Is consciousness the electrical expression of physical, organic brain structure? Probably. I spent part of the morning Googling and surfing. There was a video about consciousness and birds. Vittorio, Brother Blunderbuss himself, sent a text and suggested we go catch a screening of John Sturges’s brilliant ‘50s Technicolor pressure-cooker Bad Day at Black Rock at the little repertory cinema on Rue Christine on account of he’s leaving for Johannesburg early in the A.M. Having sat dutifully until the maroon curtains closed, we retired to a minuscule tiki bar with Polynesian music that Vittorio said he likes and where extremely attractive young women from the Sorbonne apprised us with open contempt. I always look at them hard and cold like I’m Shylock here to turn in my pound of flesh. My wife told me she’s expecting a baby, confessed Vittorio. And I asked her: at what time is this baby expected to land? I was drinking a strange teal cocktail with orange peels floating in it, thinking that today was finally the day Gilles de Rais and the Latinate Primitives all finally shit the bed in revolting anticlimax.

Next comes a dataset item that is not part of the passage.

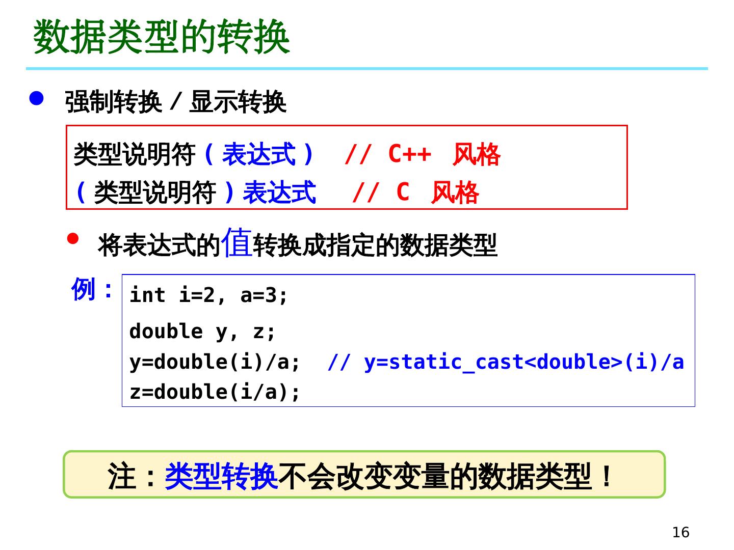 16 .16 数据类型的转换 强制转换 / 显示转换 类型说明符 ( 表达式 ) // C++ 风格 ( 类型说明符 ) 表达式 // C 风格 将表达式的 值 转换成指定的数据类型 int i =2, a=3; double y, z; y=double( i )/a; // y= static_cast <double>( i )/a z=double( i /a); 例: 注: 类型转换 不会改变变量的数据类型!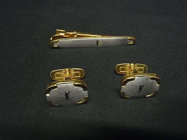 YVESSAINTLAURENT イヴサンローラン カフスボタン ネクタイピン アクセサリー 2点セット 紳士 ビジネス メンズ ゴールド系 DI8996

"Give me your hand," entreats Clarice Lispector, or at least her looming and fastidious narrator G. H., addressing a reader who is no doubt lazy and bored, hurt ‘cause ignored. This morning I got up quite early, walked in the direction of Montmartre, and found myself at Sacré-Cœur before there were any more than three or four tourists milling about up there. It was foggy and slightly chilly but I wore my windbreaker. Sacré-Cœur was built as a supposed beacon on a hill in what was essentially a working class red light district immediately following France’s profound demoralization in the aftermath of the Franco-Prussian War and the brutally suppressed Paris Commune. Somewhere between 10,000 and 30,000 were executed in the streets beneath that church during the suppression of the 1871 Commune. Sacré-Cœur is a paternalistic building. It was not meant to mourn or honour the dead. It was intended as a vehicle with which to restore decorum and good order to working class streets. And yet we splay ourselves out in the gutter—arms akimbo—like Oscar Wilde whether you Siamese please or Siamese don’t please. All I’m after is Clarice Lispector’s “opaque piece of thing.” Pardon me if I’m hunched over outside Sacré-Cœur like a tall pigeon with harsh angles and techno-semiotic backdrop. There’s some Scandinavian jazz luminaries playing at the the jazz bar from Rivette’s Haut bas fragile tonight. I’m going to see if Solange wants to go check that out.